Figure 6 shows a practical embodiment of the present invention in which hysteresis is provided in the opening and closing of the solenoid valve V ₁ explained in connection with Figure 5, and the proportional valve current is reduced to prevent frequent opening and closing of the solenoid valve V ₁ . When i = i _3L , solenoid valve V ₁ is closed, and when the proportional valve current increases, when i = i _3H , solenoid valve V ₁ is closed.
It is intended to open up the world.

As described above, the gas combustion control device of the present invention provides the following effects.

(1) Since multiple burners downstream of the flow rate control type proportional control valve are switched by opening and closing a solenoid valve, continuous control of gas flow rate is possible even when switching the number of burners.

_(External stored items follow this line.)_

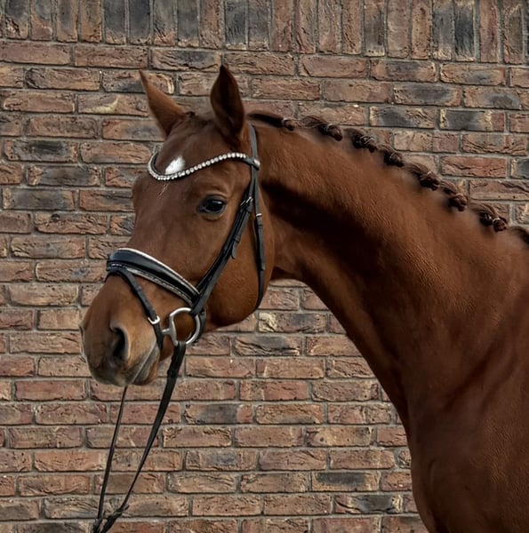 Milagro ist ein schön anzusehender, bewegungsstarker Wallach mit guter Rittigkeit. Er hat jeden seiner Starts mit einer Platzierung abgeschlossen und ist Dressurpferde A siegreich. Er ist nicht guckig oder schreckhaft, gut zu sitzen und einfach durchs Genick zu reiten. Leider hat er Kissing Spines. Das merkt man ihm aber überhaupt nicht an, da er keinerlei Probleme zeigt.
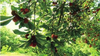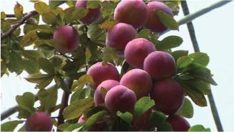 村民吴功顺说:“我们这一年四季都有水果,你看这个梨,皮薄、肉又厚,非常好吃。咬一口,水就掉下来了。”
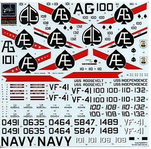 It covers the full history of the Phantom II and VF-41. There are three F-4B options, all on the USS Independence from 1964and 1965, which includes their Vietnam cruise of 1965. There is a single F-4J from the 1970 Med cruise aboard the USS FDR. Then, like many Phantom units, the squadron transitioned to the F-4N which many J jocks felt was a bit of a step backwards as the Ns were simply upgraded B models. The two we are offered are the more colorful of the options with one being a Bicentennial plane from 1976 and the other a CAG bird from 1977, still operating from the USS FDR.

(2) Since it is a flow rate control type proportional control valve, the gas flow rate is not affected even if there are variations in the burner nozzle diameter, so the gas flow rate can be controlled accurately.

[Brief explanation of the drawing]

Fig. 1 is a system diagram of a gas water heater common to the conventional example and the present invention, Fig. 2 is a configuration diagram showing the principle of a pressure control type proportional control valve used in the conventional system, and Fig. 3 is a system diagram of the conventional example. FIG. 4 is a configuration diagram showing the principle of the flow rate control type proportional control valve used in the system of the present invention, FIG. 5 is an explanatory diagram of the operation of one embodiment of the present invention, and FIG. FIG. 3 is an explanatory diagram of the operation of the embodiment. PV...Proportional control valve, B ₁ , B ₂ ...Burner, Pr...
... Branch pipe, V ₁ , V ₂ ... Solenoid valve, 4 ... Valve body, 6
~8... Electric drive unit, 9... Primary pressure chamber, 10...
... Secondary pressure chamber, 5 ... Diaphragm, 11 ... Back pressure chamber, 14 ... Low pressure section, 15 ... Communication section, 13 ...
Aperture part.

Claims (1)

[Scope of Claims] 1. A valve body that can vary the cross-sectional area of the flow path is provided in the gas flow path, an electric drive unit that generates a force acting on the valve body, and an electric drive unit provided on the upstream side of the valve body. A primary pressure chamber, a secondary pressure chamber on the downstream side of the valve body, and a back pressure chamber on the opposite side of the flow path of the diaphragm interlocked with the valve body,
a flow rate control type proportional control valve provided with a communication passage that communicates a low pressure part of a passage downstream of the secondary pressure chamber with the back pressure chamber; a plurality of burners downstream of the flow rate control type proportional control valve; A gas combustion control device comprising a solenoid valve that switches the number of burners. 2. Claim 1, wherein an orifice or nozzle is provided between the secondary pressure chamber and the low pressure section.
Gas combustion control device as described in section. 3. The gas combustion control device according to claim 1, wherein the low-pressure portion is a location where a sufficient pressure drop due to piping resistance can be obtained.